Bo Dong,Kaiqiang Chen,Zhirui Wang,Menglong Yan,Jiaojiao Gu,Xian Sun
DOI: https://doi.org/10.3390/electronics13050844
IF: 2.9
2024-02-23
Electronics
Abstract:Reconstructing large-scale scenes using Neural Radiance Fields (NeRFs) is a research hotspot in 3D computer vision. Existing MLP (multi-layer perception)-based methods often suffer from issues of underfitting and a lack of fine details in rendering large-scale scenes. Popular solutions are to divide the scene into small areas for separate modeling or to increase the layer scale of the MLP network. However, the subsequent problem is that the training cost increases. Moreover, reconstructing large scenes, unlike object-scale reconstruction, involves a geometrically considerable increase in the quantity of view data if the prior information of the scene is not effectively utilized. In this paper, we propose an innovative method named MM-NeRF, which integrates efficient hybrid features into the NeRF framework to enhance the reconstruction of large-scale scenes. We propose employing a dual-branch feature capture structure, comprising a multi-resolution 3D hash grid feature branch and a multi-view 2D prior feature branch. The 3D hash grid feature models geometric details, while the 2D prior feature supplements local texture information. Our experimental results show that such integration is sufficient to render realistic novel views with fine details, forming a more accurate geometric representation.

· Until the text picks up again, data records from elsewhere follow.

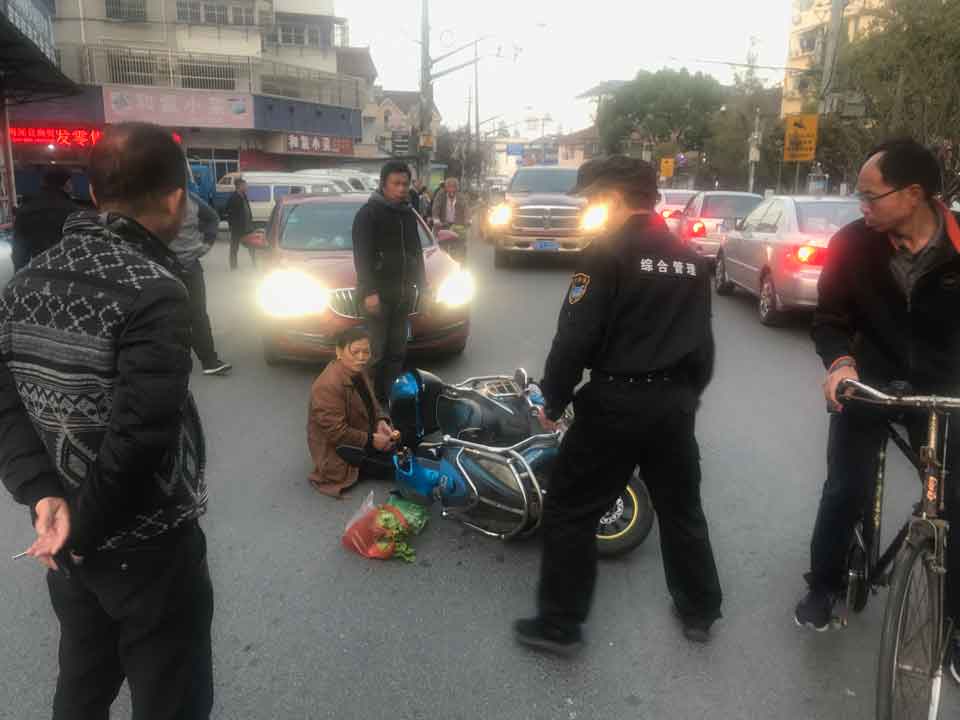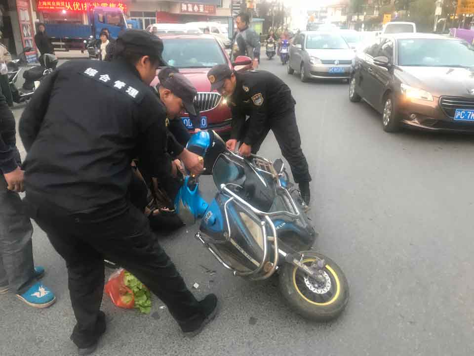 當(dāng)天下午16:00左右,黃路社區(qū)隊員秦泗彬、湯紅強、朱清科、劉偉、陶永錦等在上班巡邏期間,發(fā)現(xiàn)在川南奉公路振興路路口10米處發(fā)生一起轎車與電瓶刮撞事故,該事故造成道路封堵。正是下班高峰期,五名隊員立馬下車幫助當(dāng)事人報警,并勸導(dǎo)兩名當(dāng)事人拍好照片,取好證,讓當(dāng)事人車輛停靠路邊。接下來,五名隊員指引擁堵車輛有序通行,使交通慢慢恢復(fù)暢通。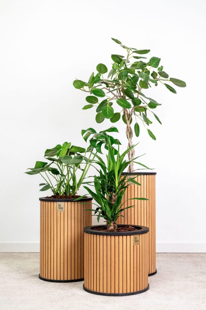 🔸 „HARMONY“ vazonų komplektas (Mini, Midi ir Maxi) –  medinis vazonai su ratukais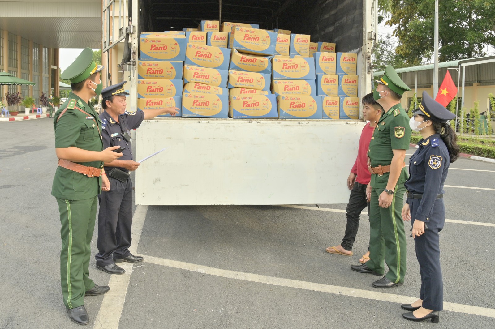 Cán bộ Biên phòng và Hải quan Cửa khẩu quốc tế Tịnh Biên kiểm tra hàng hóa qua lại cửa khẩu.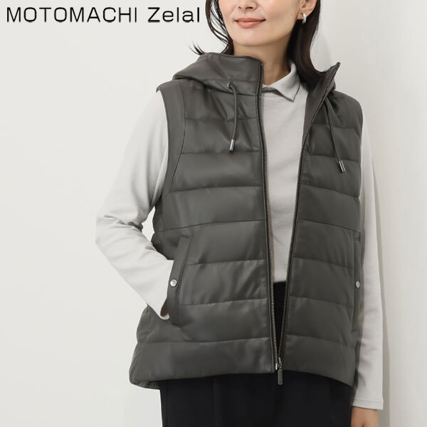 元町ゼラール ソフトラムレザー フーディーダウンベスト S セピア 60000円相当(柊)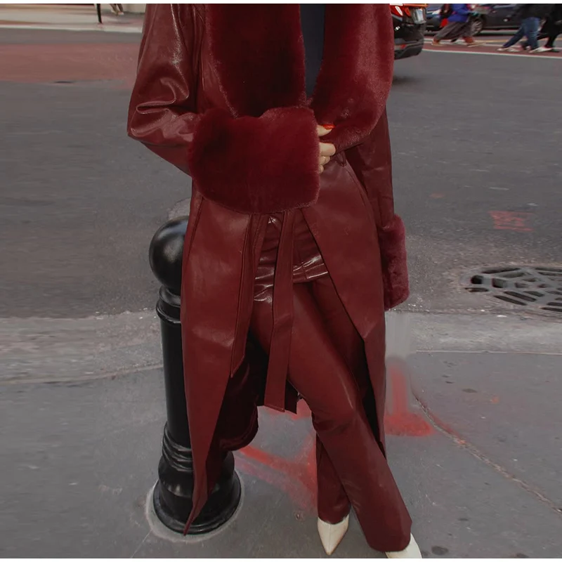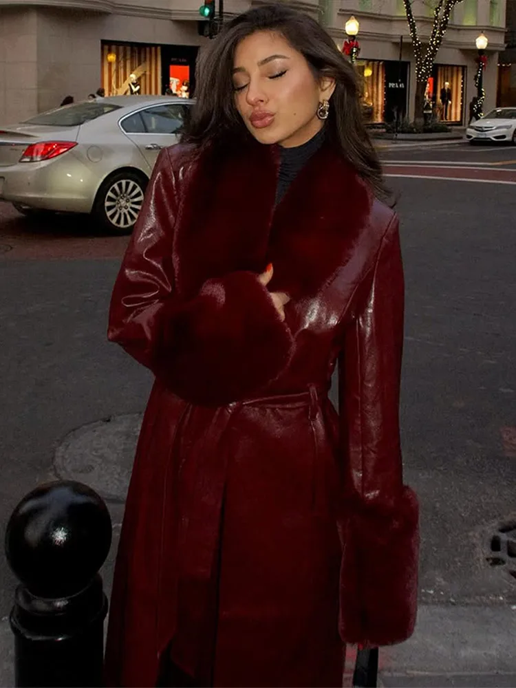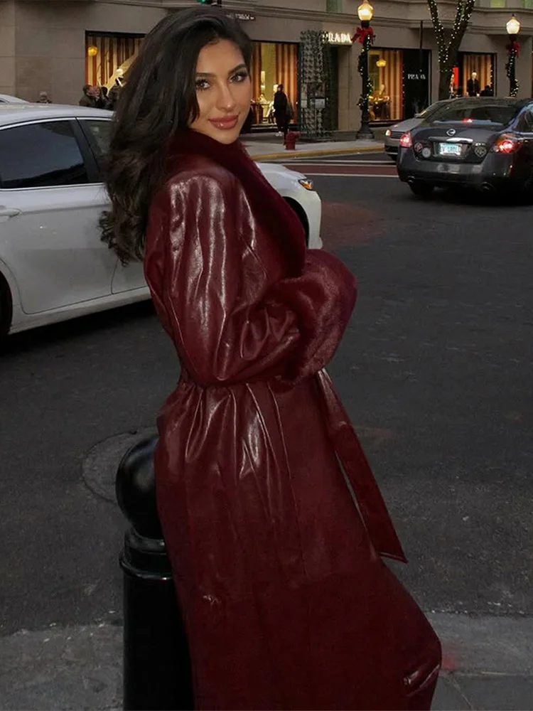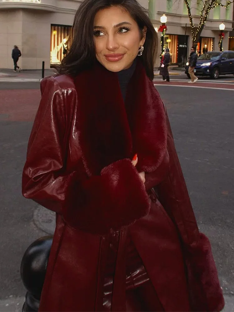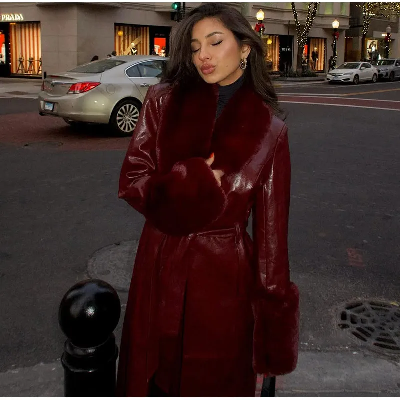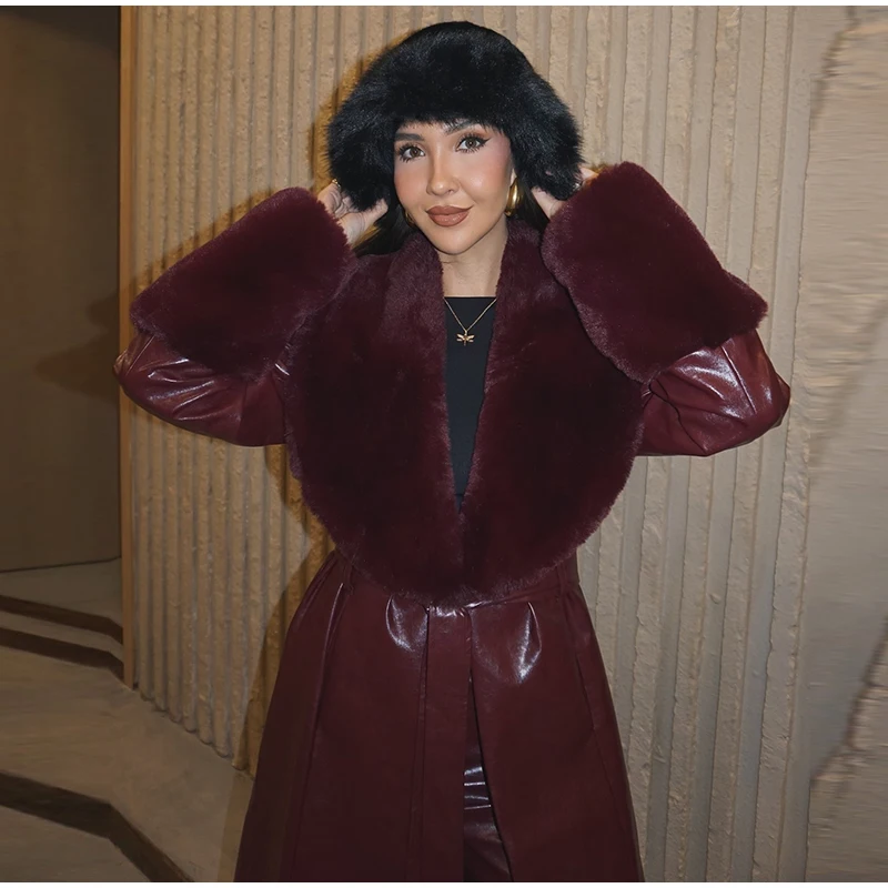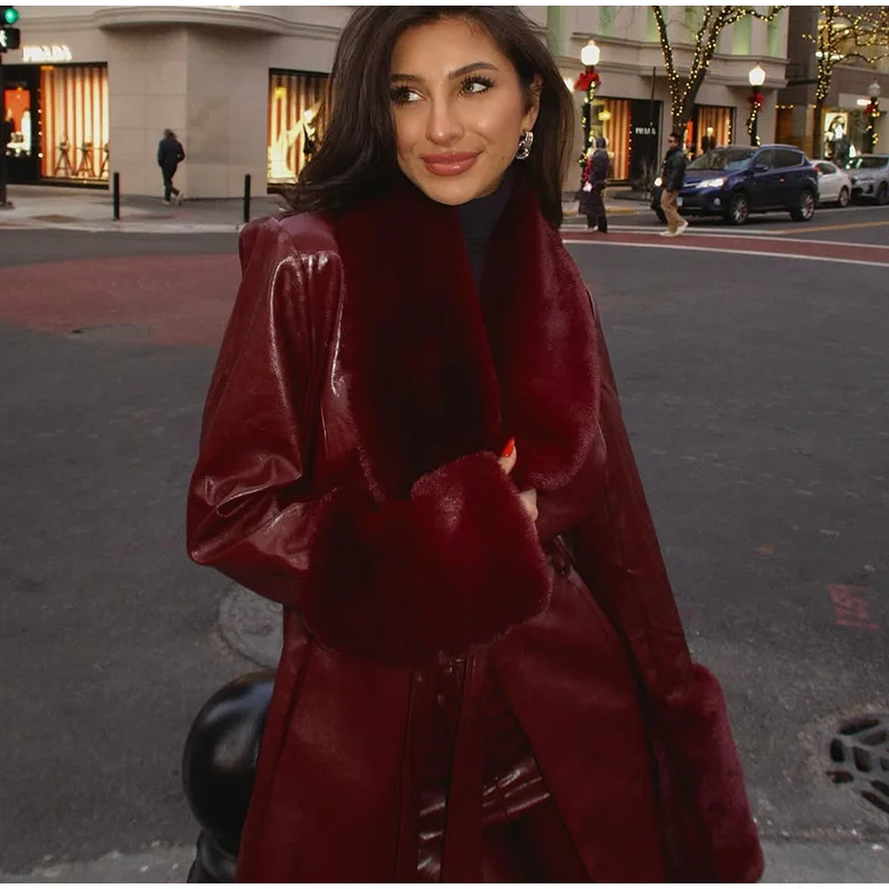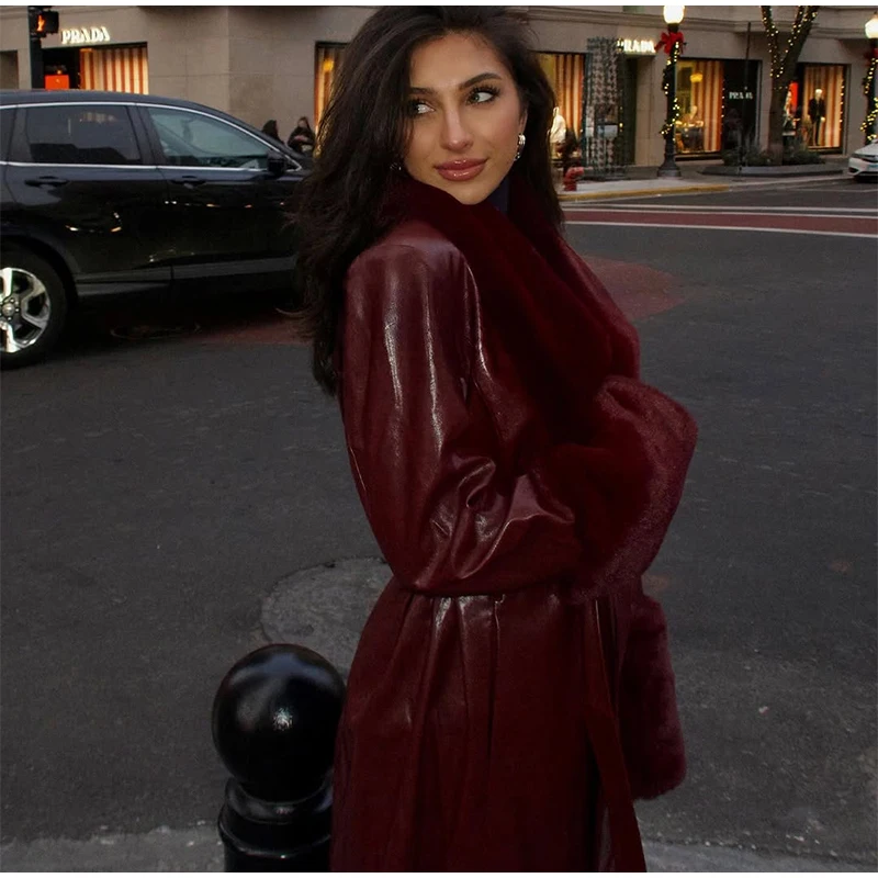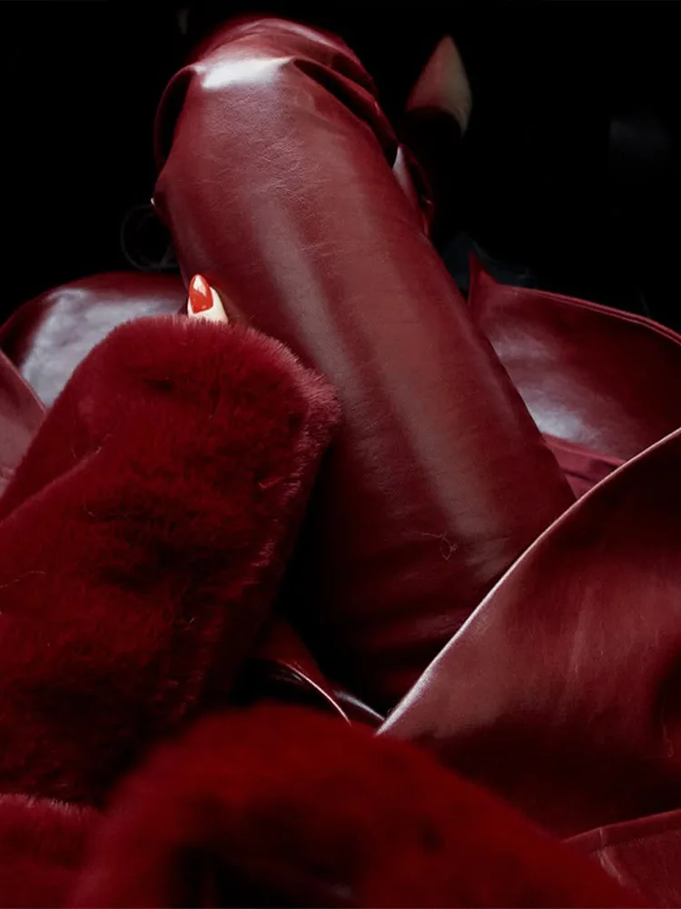 Un splendido cappotto in pelle bordeaux con finiture in finta pelliccia che combina lusso e stile, la tua via per realizzare una dichiarazione di moda audace negli mesi più freddi. ✨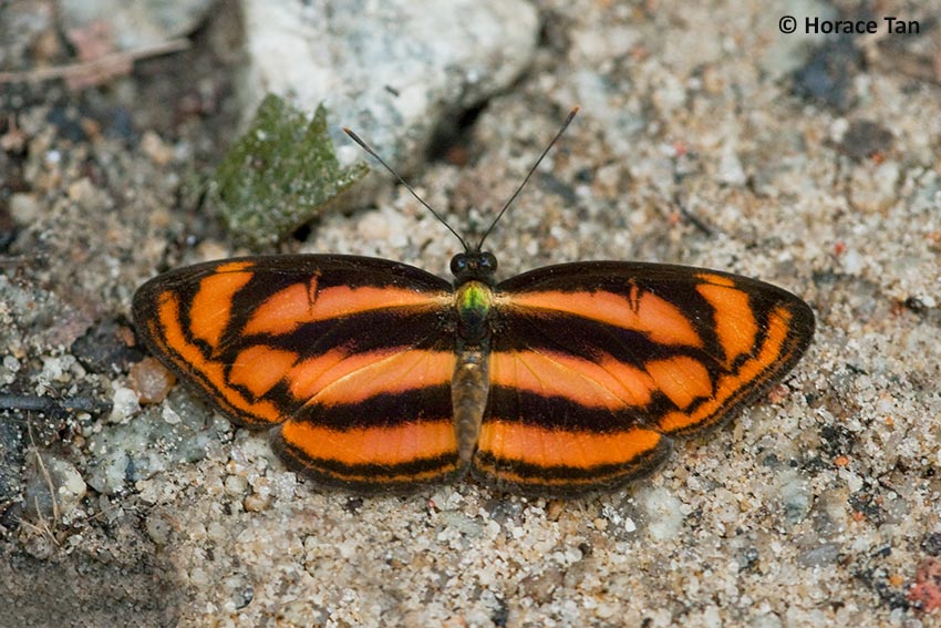 Nevertheless, we record this seasonal migratory species (or seasonal stray) as species #312 in the Singapore Butterfly Checklist. Thanks to Yi Kai for spotting and getting photographic evidence of this species in Singapore, and contributing his photos to ButterflyCircle. The Striped Jay is considered a seasonally common lowland species in Malaysia, and often photographed amongst large numbers of puddlers at sandy streambanks in the forested areas. It is a fast-flyer like its other cousins in the Graphium genus and is certainly possible that it flew over from nearby Johor, aided by the winds.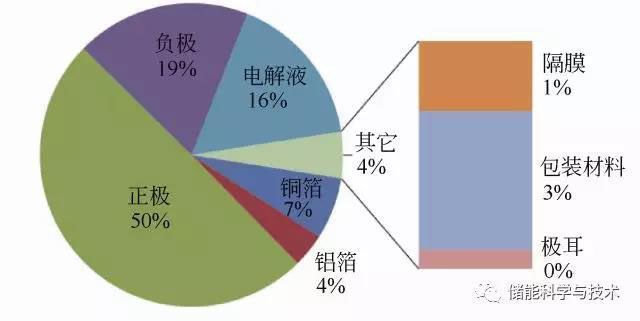 圖3展示了能量密度達(dá)到297 W·h/kg的鋰離子電池軟包電芯的各物質(zhì)占比,液態(tài)電解質(zhì)總共占比16%(質(zhì)量分?jǐn)?shù))。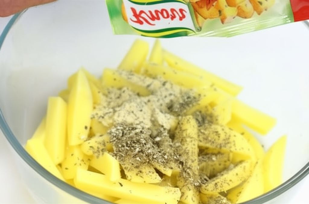 Domowe frytki z piekarnika to prawdziwa uczta dla podniebienia! Ziemniaki pokrojone w grube słupki, przyprawione aromatycznym majerankiem Knorr i upieczone do złocistego koloru, stanowią doskonałą alternatywę dla tradycyjnych frytek smażonych w głębokim tłuszczu. Sekret ich wyjątkowego smaku tkwi w odpowiednim doborze ziemniaków – najlepiej sprawdzą się odmiany gala lub irys, które podczas pieczenia zachowują chrupkość na zewnątrz i pozostają delikatnie miękkie w środku.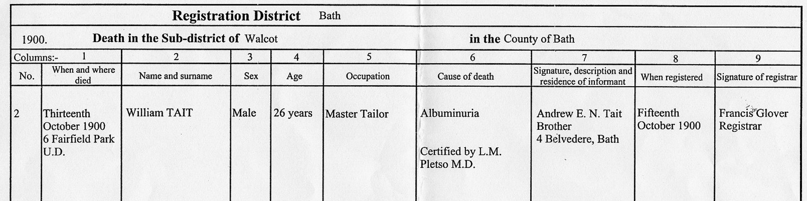 - b.~Sep 1874 in Liverpool, Lancashire, England d.26 Oct 1900 in Fairfield Park, Bath, Somerset, England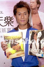 影視紅星古天樂6月27日在香港出席加盟Music Nation首張寫真AVCD發(fā)布會(huì),古天樂影而優(yōu)則唱進(jìn)軍樂壇,早前遠(yuǎn)赴太平洋塞班島拍寫真為配合新碟推出。中新社記者 鄧慶樂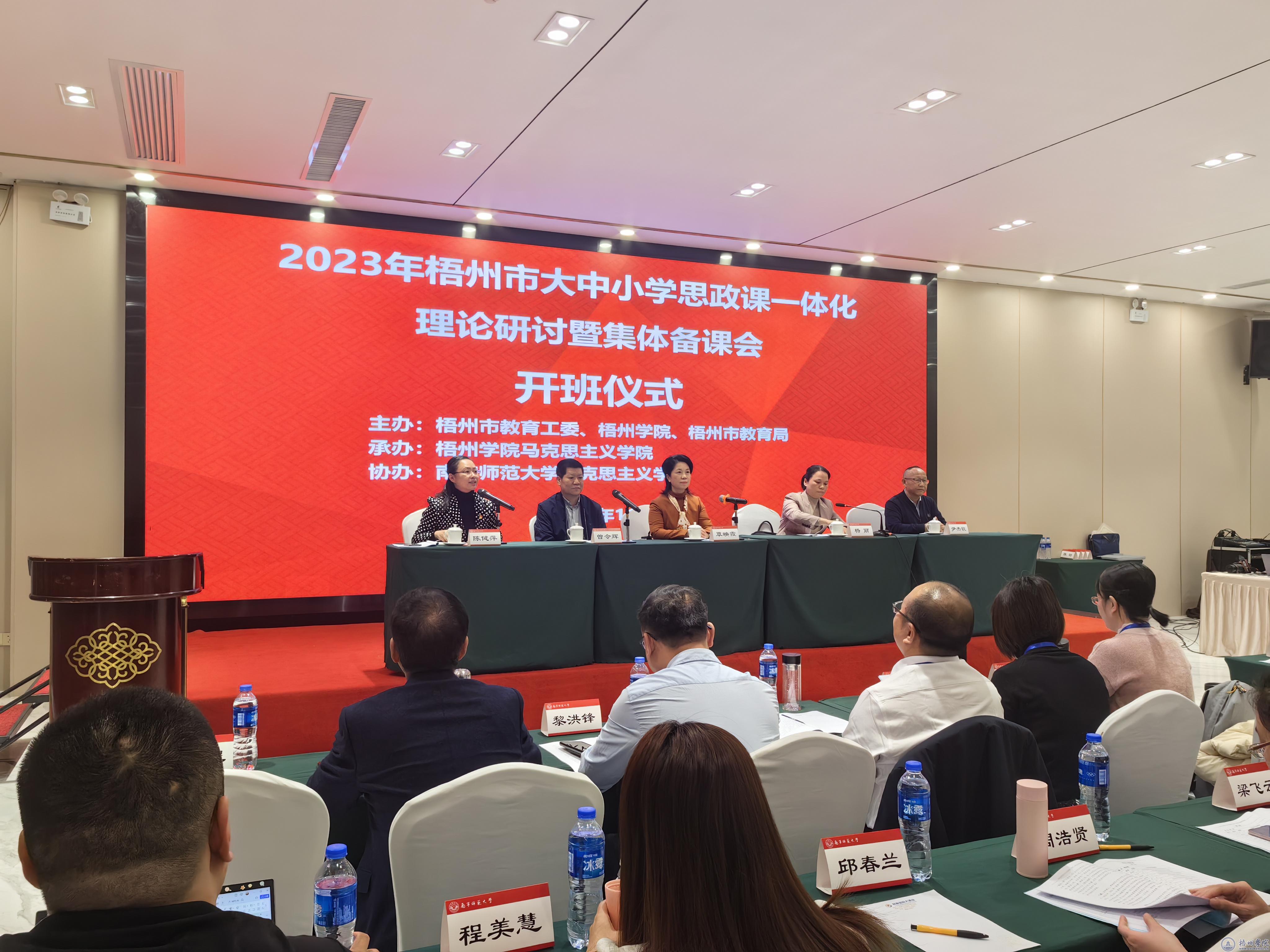 为进一步巩固梧州市大中小学思想政治理论课教育教学成果,提升全市大中小学思想政治理论课教师教育教学能力,推进新时代全市大中小学思想政治理论课一体化建设。11月21日至24日,由梧州市委教育工委、梧州学院、梧州市教育局联合主办,梧州学院马克思主义学院承办、南宁师范大学马克思主义学院协办的2023年梧州市大中小学思政课“一体化”理论研讨会暨集体备课会在南宁市成功举办。梧州市委教育工委书记、梧州市教育局党组书记、局长覃映霞,南宁师范大学马克思主义学院院长曾令辉,梧州市委教育工作委员会副书记杨丽出席仪式,全市大中小学各学段的教师代表100多人参加。开班仪式由马克思主义学院院长陈健萍主持。

Compared with representative methods in the field, our method significantly improves the PSNR (Peak Signal-to-Noise Ratio) by approximately 5%. This remarkable progress underscores the outstanding contribution of our method in the field of large-scene radiance field reconstruction.
engineering, electrical & electronic,computer science, information systems,physics, applied
What problem does this paper attempt to address?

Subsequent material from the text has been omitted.